Testing nested parallelization with @distributed and @spawn/@threads

I know this is a popular topic, but I wanted to check my understanding on nested parallelization with @distributed, @spawn, and @threads.

Here’s a working example of a few different strategies

using LinearAlgebra
import Distributed
using BenchmarkTools

function test(storemat)
  matlength = length(storemat)
  veclength = length(storemat[1])

  @sync Distributed.@distributed for j = 1:matlength
    Threads.@threads for i = 1:veclength
      storemat[j][i] = Threads.threadid()
    end
  end
end

function test2(storemat)
  matlength = length(storemat)
  veclength = length(storemat[1])

  for j = 1:matlength
    Threads.@threads for i = 1:veclength
      storemat[j][i] = Threads.threadid()
    end
  end
end

function test3(storemat)
  matlength = length(storemat)
  veclength = length(storemat[1])

  Threads.@threads for j = 1:matlength
    for i = 1:veclength
      storemat[j][i] = Threads.threadid()
    end
  end
end

function test4(storemat)
  matlength = length(storemat)
  veclength = length(storemat[1])

  @sync Distributed.@distributed for j = 1:matlength
    for i = 1:veclength
      storemat[j][i] = Threads.threadid()
    end
  end
end

function test5(storemat)
  matlength = length(storemat)
  veclength = length(storemat[1])

  for j = 1:matlength
    for i = 1:veclength
      storemat[j][i] = Threads.threadid()
    end
  end
end

function test6(storemat)
  matlength = length(storemat)
  veclength = length(storemat[1])

  @sync Distributed.@distributed for j = 1:matlength
    K = Threads.@spawn for i = 1:veclength
      storemat[j][i] = Threads.threadid()
    end
    wait(K)
  end
end

function test7(storemat)
  matlength = length(storemat)
  veclength = length(storemat[1])

  K = Threads.@spawn for j = 1:matlength
    Threads.@spawn for i = 1:veclength
      storemat[j][i] = Threads.threadid()
    end
  end
  wait(K)
end


  matlength = 1000
  veclength = 1000
  storemat = [Array{Float64,1}(undef,veclength) for j = 1:matlength]

@btime test(storemat) #4.402 s (135841 allocations: 497.96 MiB)
@btime test2(storemat) #88.807 ms (102119 allocations: 8.82 MiB)
@btime test3(storemat) #107.910 μs (101 allocations: 9.00 KiB)
@btime test4(storemat) #3.898 s (135903 allocations: 497.95 MiB)
@btime test5(storemat) #327.020 μs (0 allocations: 0 bytes)
@btime test6(storemat) #3.903 s (138338 allocations: 498.01 MiB)
@btime test7(storemat) #1.366 ms (6005 allocations: 469.19 KiB)

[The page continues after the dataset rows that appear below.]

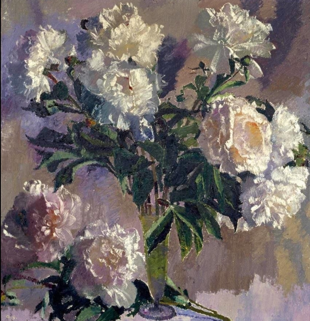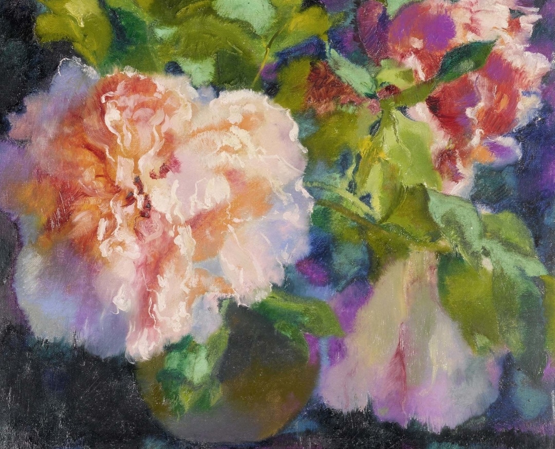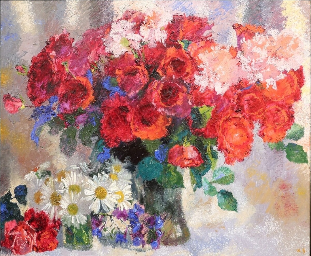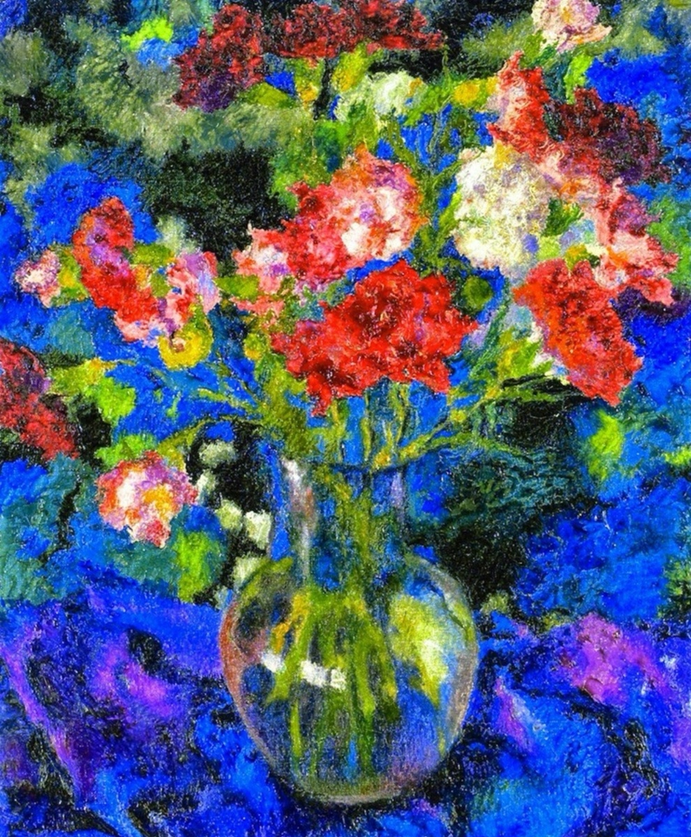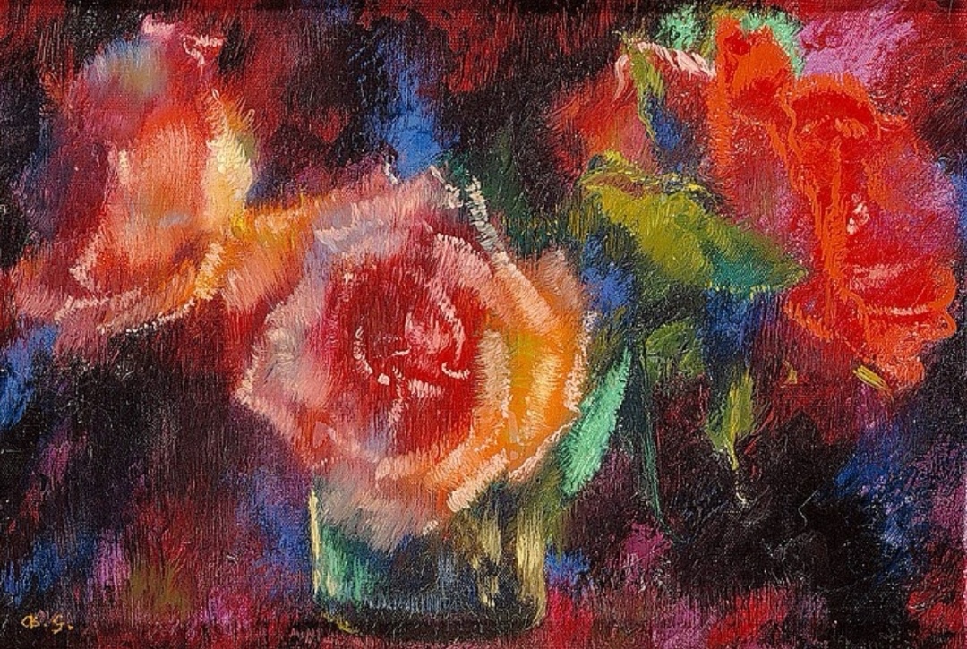 «Розы» (1929) — розы, написанные в яркой красно-синей гамме, с игрой светотени, создающей объём;
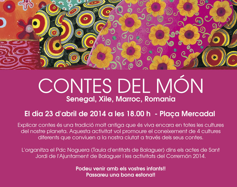 La Taula d'Entitats de Balaguer del PDC de la Noguera participarà en les activitats que es faran a Balaguer amb motiu de Sant Jordi. Ho farà amb l'activitat intercultural 'Contes del Món', inclosa també dins del Corremón 2014.
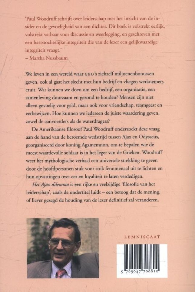'Paul Woodruff schrijft over leiderschap met het inzicht van de insider en de gevoeligheid van een dichter. Dit boek is volstrekt eerlijk, volstrekt vatbaar voor discussie en weerlegging, en geschreven met een hartstochtelijke integriteit die van de lezer een gelijkwaardige integriteit vraagt.' - Martha Nussbaum
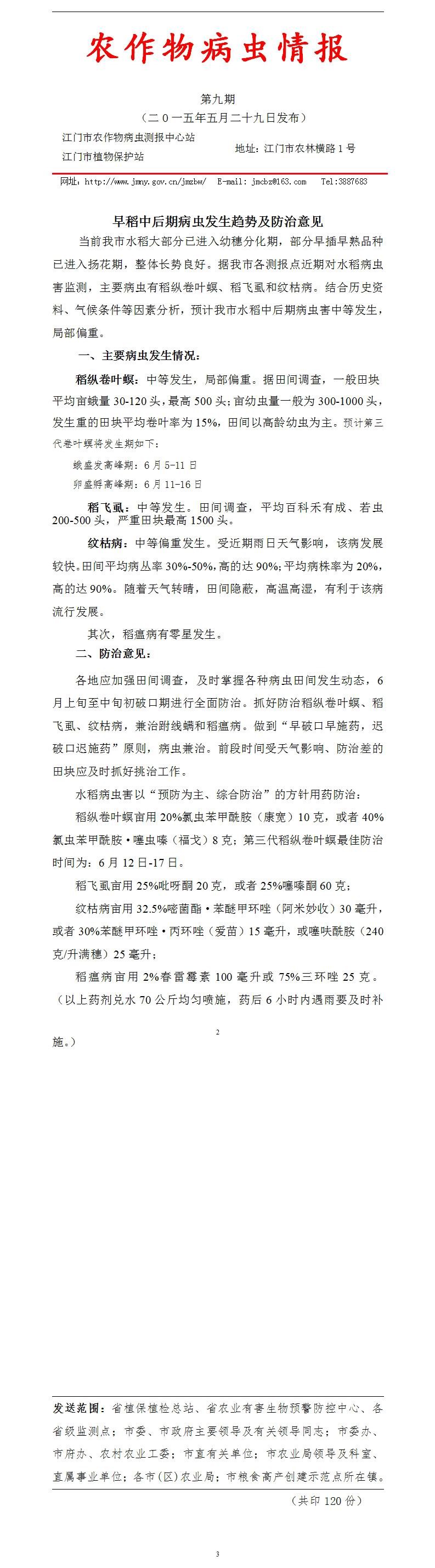 2015年农作物病虫情报第九期 (早稻中后期病虫发生趋势及防治意见)_工作简报_江门市农业农村局
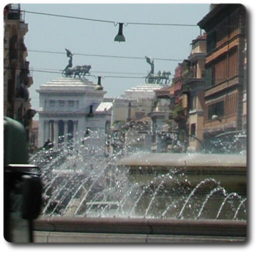 Looking down Via Nazionale towards Victor Emmanuel Monument, just visible over the fountain, although better seen here.
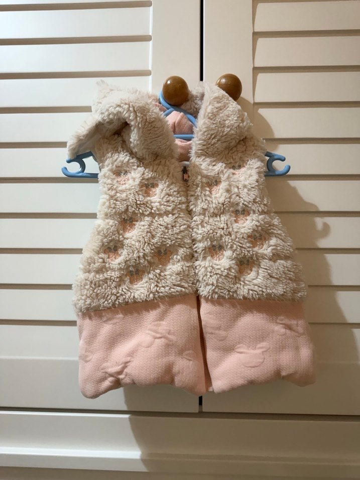 Kapüşonlu, kolsuz kız çocuk yeleği, yumuşak kürk detayları ve pastel pembe kapitone kumaşla rahat ve şık bir görünüm sunar.
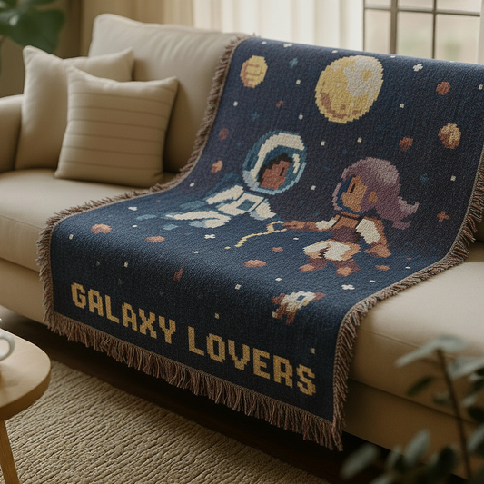 Galaxy Lovers Retro Pixel Art Woven Blanket

The times were taken from a run on a cluster with 8 nodes and 8 cores per node requested (total 64 requested in Julia). I did not implement SharedArrays in this example because it threw an error ERROR: LoadError: SystemError: shm_open() failed for /jl25628797yr6QSLMDKnb3MV0yim: Too many open files. Yes, I did generate a list of nodes and how many cores were requested on each. The code for that with slum was

srun hostname -s > nodenames.txt

and then a simple script to put the output into a list like

8 host1
8 host2
8 host3
...

to be called by julia --machinefile nodes

My questions are:

  1. Have I understood this correctly that @distributed should be used for different nodes? @threads or @spawn for different cores on that node?
  2. What kind of performance increase should be expected from future versions of these functions?
  3. On more complicated examples (mainly copying values and matrix multiplies), @threads will outperform @spawn. Is that a general rule in other’s experience?
  4. Are there other general tips to make this more efficient?